- Born: 18 October 1989 (age 36) Kigali, Rwanda
- Occupations: Director, producer, writer
- Years active: 2013–present

= Mutiganda Wa Nkunda =

Rwandan filmmaker

Mutiganda wa Nkunda (born 18 October 1989), is a Rwandan director, screenwriter and producer.

==Personal life==
He was born on 18 October 1989 in Kigali, Rwanda.

==Career==
In 2012, while still a student, four of wa Nkunda's screenplays were shortlisted in the Global Dialogues Short Story Creating Contest. In 2013 he completed a bachelor's degree in Agriculture and started to work as a film critic and journalist with several Rwandan media. In 2014, he wrote, produced and directed his first short film Rayila. The story which is available to view on YouTube, follows the plight of a teenage mother and her six-month old baby. According to the film's prologue text, the sixteen year-old was raped, impregnated and infected with HIV/AIDS by her stepfather. The film gained critical acclaim and won awards in several local and international film festivals.

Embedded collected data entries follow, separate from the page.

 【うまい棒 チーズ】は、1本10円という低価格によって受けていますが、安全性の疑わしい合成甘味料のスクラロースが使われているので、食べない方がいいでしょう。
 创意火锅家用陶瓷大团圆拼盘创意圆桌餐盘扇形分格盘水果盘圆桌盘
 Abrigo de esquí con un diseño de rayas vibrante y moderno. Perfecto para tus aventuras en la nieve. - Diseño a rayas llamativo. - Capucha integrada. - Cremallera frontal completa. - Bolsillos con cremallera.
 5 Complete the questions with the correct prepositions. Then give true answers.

Also in 2014, he wrote the popular sitcom Inshuti which aired on TV 10 Rwanda between 2014 and 2015. It is considered the first ever TV series to be produced in Rwanda. It was also released on YouTube where it gained a fanbase.

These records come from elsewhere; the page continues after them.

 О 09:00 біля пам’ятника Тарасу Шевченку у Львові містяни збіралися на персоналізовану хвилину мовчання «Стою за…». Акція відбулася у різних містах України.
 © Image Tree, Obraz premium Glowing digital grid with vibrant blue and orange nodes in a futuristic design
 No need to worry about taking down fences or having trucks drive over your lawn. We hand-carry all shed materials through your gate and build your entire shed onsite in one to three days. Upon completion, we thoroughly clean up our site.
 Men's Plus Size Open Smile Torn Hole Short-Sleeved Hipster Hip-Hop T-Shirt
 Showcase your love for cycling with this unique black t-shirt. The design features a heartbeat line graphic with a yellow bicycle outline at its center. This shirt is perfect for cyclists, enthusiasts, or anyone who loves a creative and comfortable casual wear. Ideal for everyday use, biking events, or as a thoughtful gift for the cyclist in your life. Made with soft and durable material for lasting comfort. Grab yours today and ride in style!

In 2015, wa Nkunda worked as a producer on the short film Ishaba at the filmmaking workshop conducted at the inaugural Mashariki African Film Festival (MAAFF). The short film was screened at international film festivals and released on DVD by Africalia as part of its African Best Short Films collection. Later in the year, he attended the Maisha Film Lab screenwriting workshop in Kigali, where he developed the popular comedy series Seburikoko which first aired on Rwanda Television in March 2015.

In 2015 he also directed an experimental short film, La Femme Nue which was selected to screen at the 3rd edition of MAAFF.

After leaving his journalism career in 2016, he focused completely on filmmaking. In 2016 he directed the TV series City Maid for Rwanda Television and scripted the series Virunga School for Royal TV. He wrote, produced, and directed his second short film, Ibanga ry’umunezero, in 2017.

In 2017 he co-founded the independent film production company IZACU with Yuhi Amuli.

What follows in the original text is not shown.